On September 10, 2020 the Advocate General (AG) Maciej Szpunar delivered his Opinion on the case of VG Bild-Kunst v Stiftung Preußischer Kulturbesitzanother (C‑392/19), a further case concerning the legality of linking. The assessment of linking from an EU copyright law perspective appears to be a labyrinthine legal exercise, since, following the seminal Svensson (C‑466/12) and GS Media (C-160/15) decisions, several factors have to be taken into account such as the initial lawful communication of the linked work, the application of access restrictions, the actual or constructive knowledge of the linker regarding whether the work has been initially communicated with the author’s consent, and the profit making activity of the linker. Despite the CJEU’s efforts to provide clarity on the issue, there are still some questions which have remained unanswered, such as whether contractual or licence restrictions should also be taken into account in order to conclude that content is not freely available on the Internet and whether the specificities of each linking technique should also be considered.
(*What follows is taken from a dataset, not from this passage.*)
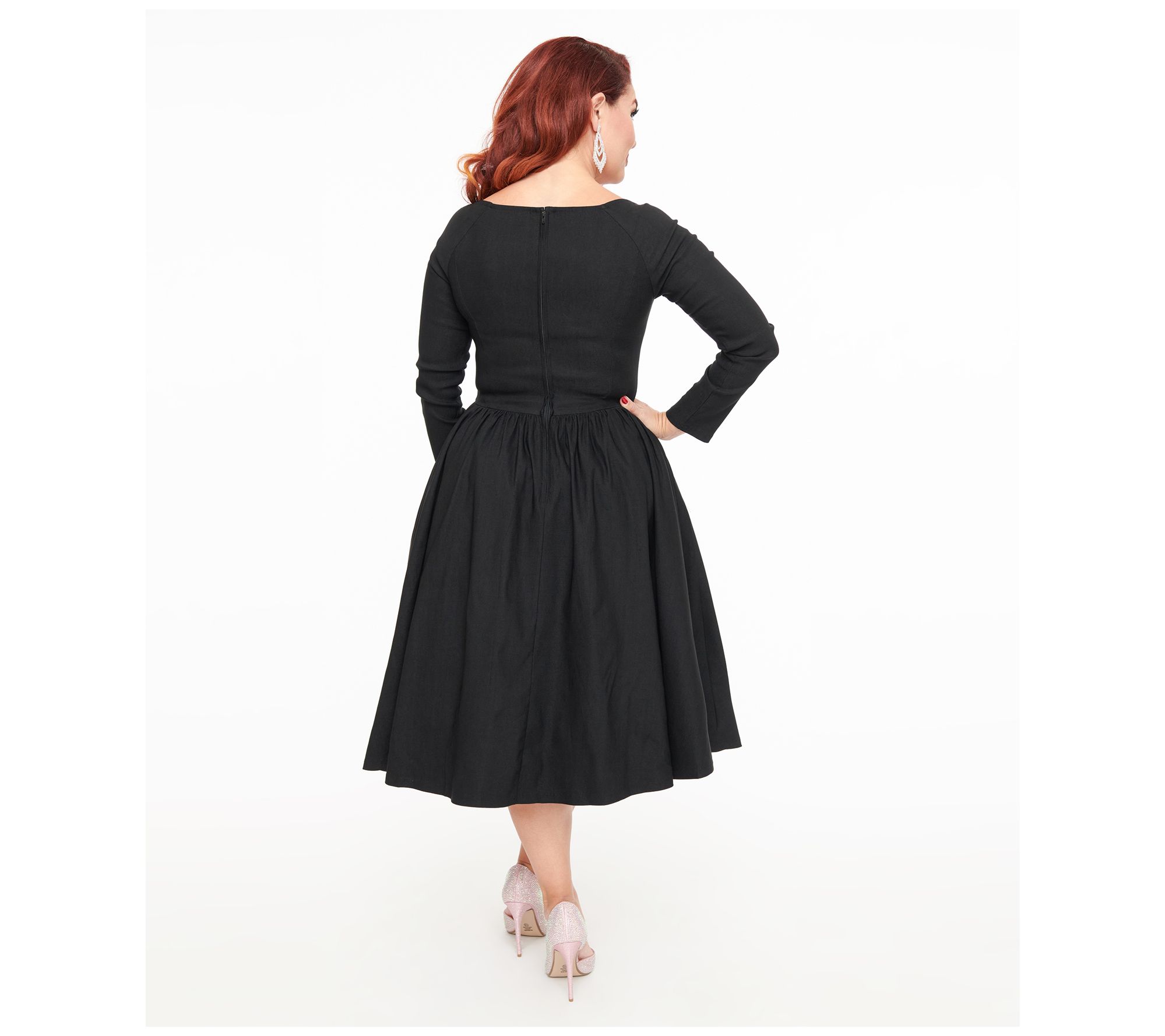 Showcase your vintage charm in this 1950s-inspired swing dress. The sweetheart neckline and long sleeves create a silhouette that flatters any figure. Perfect for cocktail parties or a night out, the solid black color adds timeless elegance to your look. From Unique Vintage.

The AG’s Opinion focuses on the latter question.

Part II is available here.

9. Copyright vs data protection: CJEU grappling with the right to information about infringers by Giulia Priora

On 9 July 2020, the Court of Justice of the European Union (CJEU) delivered its judgment in Case C-264/19 Constantin Film Verleih v YouTube and Google Inc. Providing clarification on the scope of the copyright holder’s right to information, the CJEU decided that the notion of “address”, as set in Directive 2004/48/EC (Enforcement Directive), does not encompass IP addresses, email addresses and phone numbers of online users, unless otherwise specified by national law.

10. Article 17 of the Copyright Directive: Why the German implementation proposal is compatible with EU law – Part 1 by Martin Husovec

In a recent two part post on this blog, our esteemed colleagues, Jan Bernt Nordemann and Julian Waiblinger, argued that our 2019 working paper and the German implementation proposal reading of Article 17 Copyright in the Digital Single Market (CDSM) Directive are wrong when they treat that entire provision as lex specialis to Article 3 InfoSoc Directive. (Notably, in a recent consultation document, the European Commission also views Article 17 as lex specialis.) Instead, Nordemann/Waiblinger argue that only components of Article 17 are a special case. For the rest, the Member States have to obey a different directive, the InfoSoc Directive. The debate has far-reaching consequences. Among them, as we explain, is the determination of whether a new exception to Article 17 in the German implementation proposal is compatible with EU law. In this two-part blog post, we explain why Nordemann/Waiblinger’s argument is unconvincing as regards the qualification of the right in Article 17 (Part 1) and why the German implementation proposal is in fact compatible with EU law (Part 2).